Thursday, February 28, 2013

Finding The Cloud In Front Of Every Silver Lining

I have a family member who can find the cloud in front of every silver lining. She is a good person, and means well. For her, though, the fear of running up against obstacles overwhelms her, and she can find even the most obscure reason to be pessimistic. Before she begins a new task, she can cite the reasons why it will not go well! Some would brand her as being insecure.

Many people live their lives that way. To them, negativity is a constant companion. We would not think of telling a cancer patient to "get over it." We are told, therefore, that we should not expect a person who is suffering from clinical depression to just "get over it." Yet, we find it difficult to endure those people who see the world, not through rose-coloured glasses, but foggy grey ones.

Clinical psychologist Dr. S. K. Sharma comes close to saying "get over it." But Dr. Sharma takes a different perspective. This lifestyle advisor says that, before you can become a positive person, you must have the desire to be positive. You can only do that if you are convinced that becoming positive will enhance your quality of life.

That is not the issue with many people who endure their own negativity. They believe. They just don't believe that the option is available to them. Those people need to begin the process gradually, placing themselves in controlled situations where the outcome is most likely to be beneficial. Positivity breeds positivity, and the person can build on small successes.

Similarly, once the "gloomy Gus" experiences a series of uplifting events, he or she should begin placing himself in situations where the outcome is less certain, but the negative consequences are minimal. In these environments, the person can control the outcomes, and recover. Again, success feeds success, and overcoming negative consequences often will stimulate confidence - an essential ingredient lacking in many naysayers.

Many times, the negative outcomes are fed by our own inputs. If we have lower expectations, we broadcast those expectations, subtly, in our posture, our mannerisms and our words. Develop a habit of using positive words, of showing confidence and positivity in our posture and movements. Those cues will be picked up by others, and, often, negative situations will be averted.

Take an interest in the world around you; particularly, in other people. Letting others know you find them interesting is a sure-fire way for them to reciprocate with positive actions and words toward you. Few people enjoy commiserating with someone who perpetually espouses negative opinions, or who talks incessantly about their own issues.

As a child, I read an anecdote that remains with me five decades later. Two young women are talking, and the first says to the other, "I'm so happy. I'm marrying Bill."

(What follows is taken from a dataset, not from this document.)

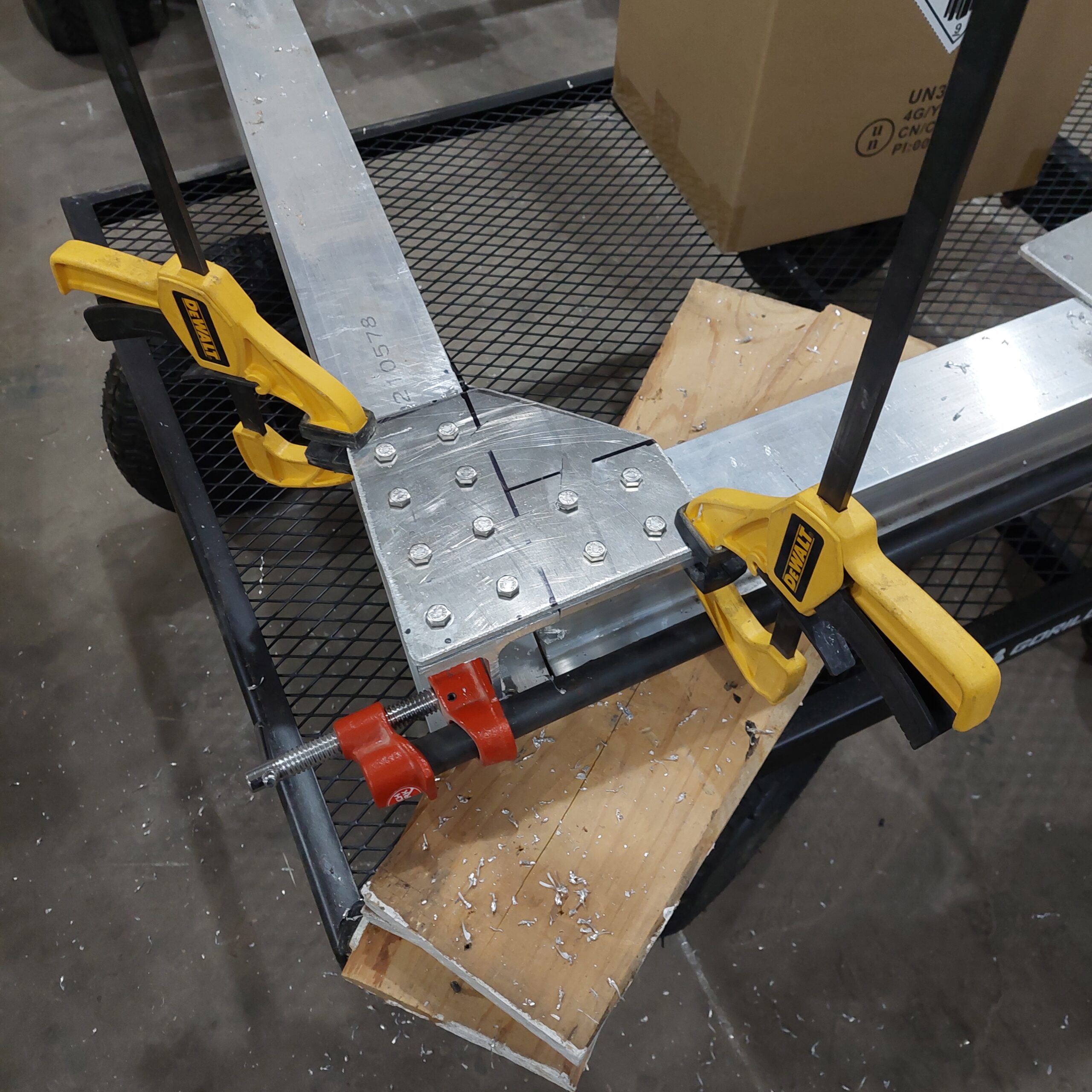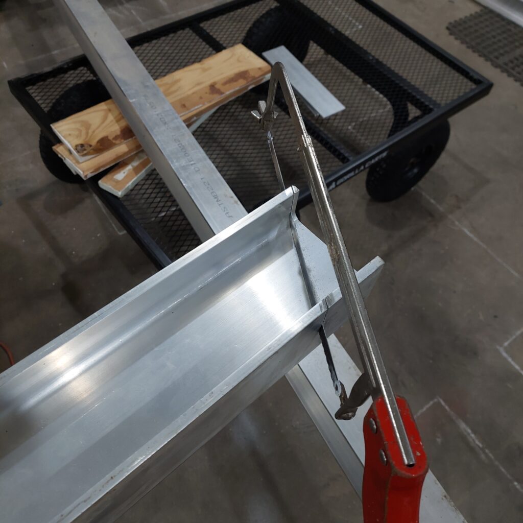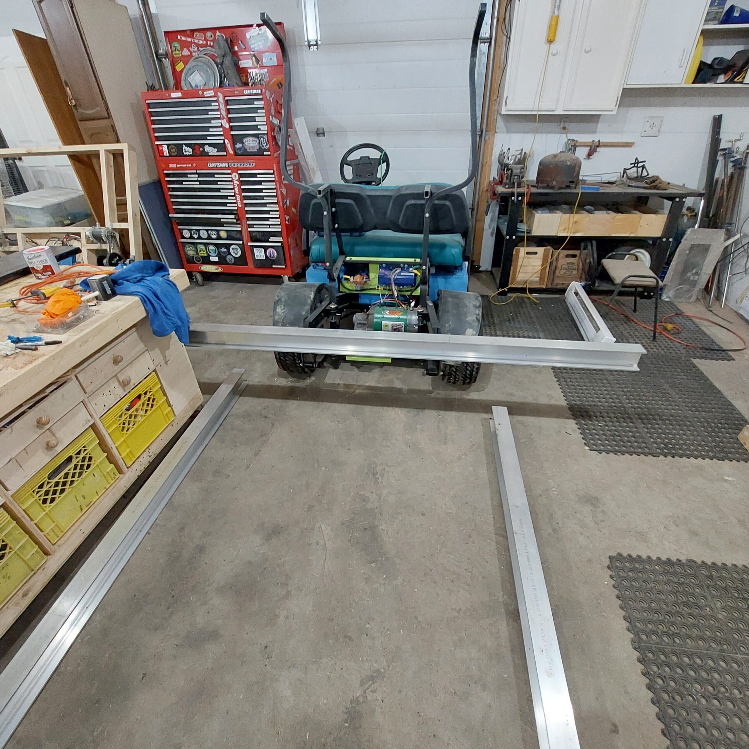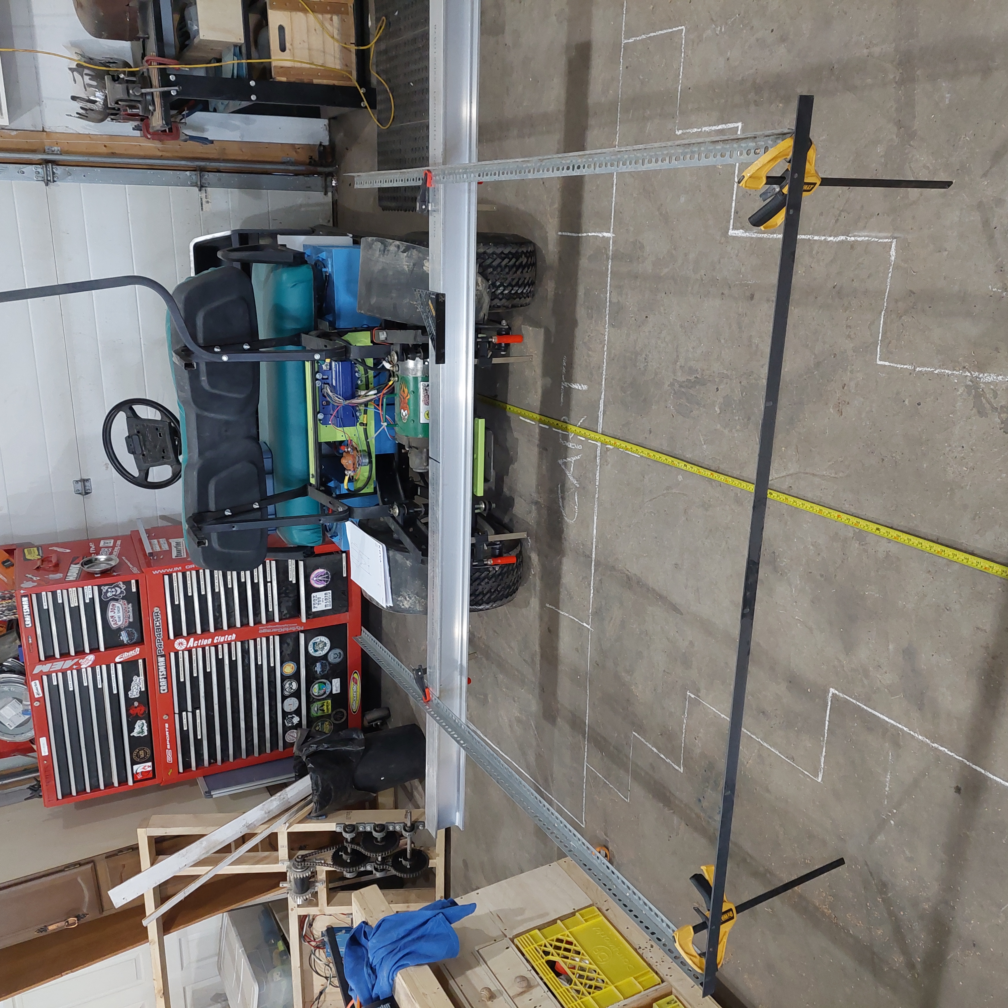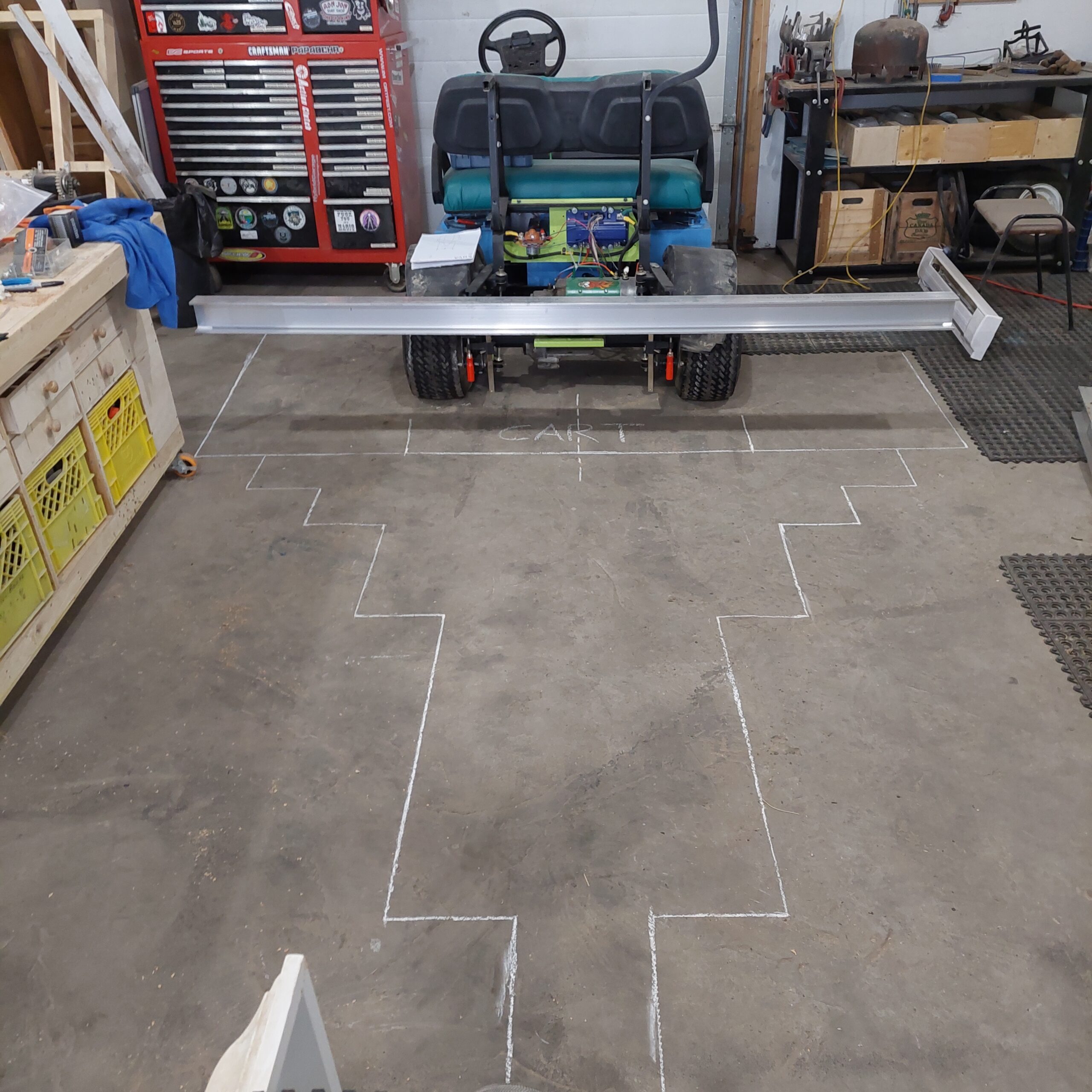 First step after stripping the cart down to a bare frame was to upgrade the suspension, motor, and speed controller. From there we added new lithium iron batteries and extended the existing frame with Aluminum I-Beams to allow us more room for passengers.

"Bill?" says the second. "I thought you told me a few months ago that Jim was the most wonderful person in the world."

"That's true," replied the first. "But when I'm with Bill, he makes me feel like I am the most wonderful person."

Keep the company of positive, uplifting people, and you will develop the endurance to enjoy occasional interactions with those less enthusiastic about life. After all, birds of a feather...

Be realistic about your expectations. Die-hard Cleveland Brown and Toronto Maple Leaf fans start each yesar with the unwavering belief that their team will win the championship that year, even when the team finished last the prior year, and no personnel changes have been made. That optimism is admirable. But, certainly, even those pessimistic fans are sure to be disappointed when their team fails, once again. Set goals that are reasonable, but not too low. Be realistic, too, about your own successful conversion to optimism.

One of the hallmarks of someone who is depressed is lethargy. Similarly, those who think negatively often decline to become engaged with life. By not participating in potentially negative events, one cannot be disappointed, right? Wrong. Inactivity leads to more feelings of failure. Get up. Get going. Try. Share a joke. Read uplifting plots and novels. Watch uplifting shows. Get involved with others. It is difficult to brood about failure when you are engaged wholeheartedly in an activity.

Most of all, be appreciative. You have life. You have relative health, relative security, if you compare your situation to others world wide. Enjoy what you have, instead of being morose about what you do not.
As you move slowly from feelings of negativity to a more uplifting outlook, your attitude, like a locomotive rolling downhill, will pick up steam, become unstoppable. See? Even going downhill can be a positive experience!